Question: I am trying to clean out my garage and it's actually full of awesome stuff that I do not need to make $ from, and is too nice to take to Goodwill.

try freecycle.org. Perfect for this sort of thing.

May I recommend that you ship that sewing machine via UPS?

perhaps, but their customer service blows.

I made a smaller batch, and it's actually in a punch bowl this time.

as opposed to a large trash can?


Susan W. - Dec 16, 2007 7:15:16 am PST #8467 of 10002
Good Trouble and Righteous Fights

For the A's fans, here's an enemy take on the Haren trade: [link]

But don't worry, thanks to our management, we're sure to suck (again) too: [link]


Ginger - Dec 16, 2007 7:28:25 am PST #8468 of 10002
"It didn't taste good. It tasted soooo horrible. It tasted like....a vodka martini." - Matilda

I'm talking my sister through making an Amazon.com order. Please shoot me now.


Tom Scola - Dec 16, 2007 7:36:09 am PST #8469 of 10002
Remember that the frontier of the Rebellion is everywhere.
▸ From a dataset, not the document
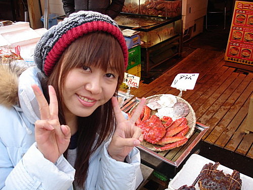 在北海道的每一天都是跟螃蟹為伍~ (上圖為函館朝市) 在這條街上我們家花了不少日幣. 買了干貝/昆布/魷魚絲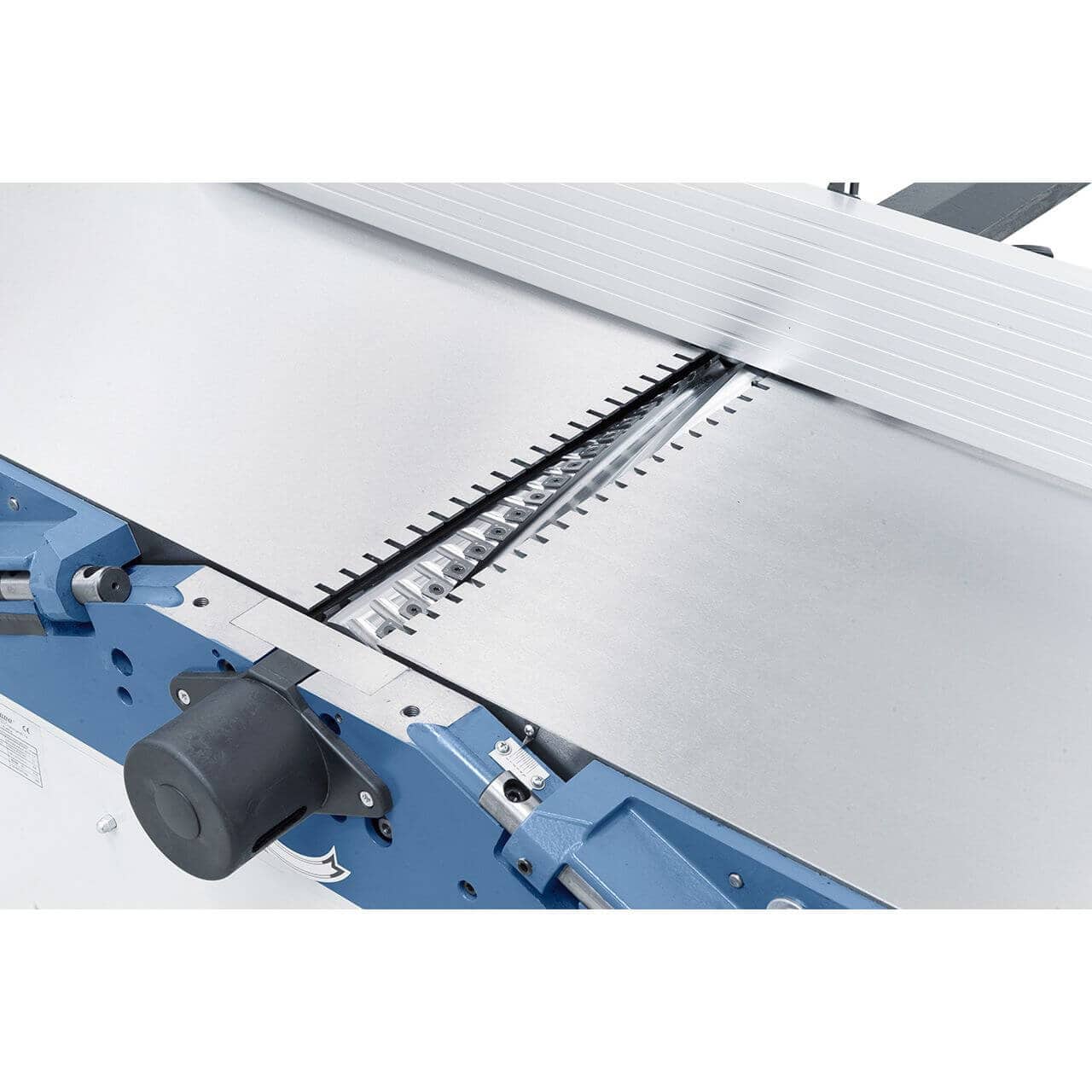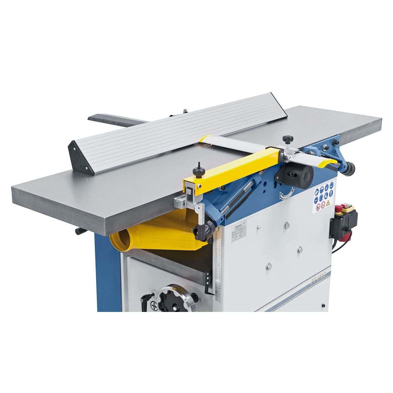 La pialla a filo e spessore Bernardo PT 410 S è una macchina professionale di fascia alta, equipaggiata con albero a spirale dotato di 72 inserti in metallo duro (TCT) che garantiscono finiture impeccabili, minore rumorosità (fino al 50% in meno) e una durata fino a 20 volte superiore rispetto ai coltelli tradizionali. Ogni inserto può essere ruotato o sostituito singolarmente, riducendo i costi di manutenzione. I tavoli in ghisa indeformabile assicurano una planarità costante, mentre il piano a spessore con colonna centrale consente una regolazione precisa e stabile. La recinzione con guida prismatica inclinabile da 90° a 45° e la cappa di aspirazione Ø 100 mm completano un sistema affidabile e sicuro. Con un motore trifase da 3,0 kW (4 HP), la PT 410 S combina potenza, precisione e silenziosità, risultando ideale per falegnamerie e officine di alta produttività.

And even the smallest act of insurrection pushes our lines forward.

Steal her credit card number!


brenda m - Dec 16, 2007 7:36:30 am PST #8470 of 10002
If you're going through hell/keep on going/don't slow down/keep your fear from showing/you might be gone/'fore the devil even knows you're there

Bacon Salt for everyone!


Ginger - Dec 16, 2007 7:38:07 am PST #8471 of 10002
"It didn't taste good. It tasted soooo horrible. It tasted like....a vodka martini." - Matilda

I just lost my temper and she's gone off to sulk. To add an address, it says at the top "Be sure to click 'Ship to this address' when done." I have repeated this statement eight times. She keeps saying that the address isn't in the address book. I say again "Did you click 'Ship to this address'? and she said, "Oh."


javachik - Dec 16, 2007 8:24:30 am PST #8472 of 10002
Our wings are not tired.

Vortex, I've used Freecycle dozens of times, and it does rock. Some of these items (e.g., the sewing machine) are a bit more valuable and personal though--so I'd like them to go to friends rather than strangers.


d - Dec 16, 2007 8:52:52 am PST #8473 of 10002
It's nice to see some brave pretenders trying to make it interesting.

I want one of Ann's fruitcakes. But I am such a lurky-loo on this board I don't feel deserving of one.

I am totally wasting time. Although I did finally start sorting clothing for laundry. But I got sidetracked by finding my swim cap. Now I'm sitting here with my swim cap and goggles on, trying to get the fit right. I should go look in the mirror and laugh at myself.

Yesterday I went to the mall, where I spent a lot of money on stuff for me work, and nsm for gifts.

This post brought to you by non sequiturs.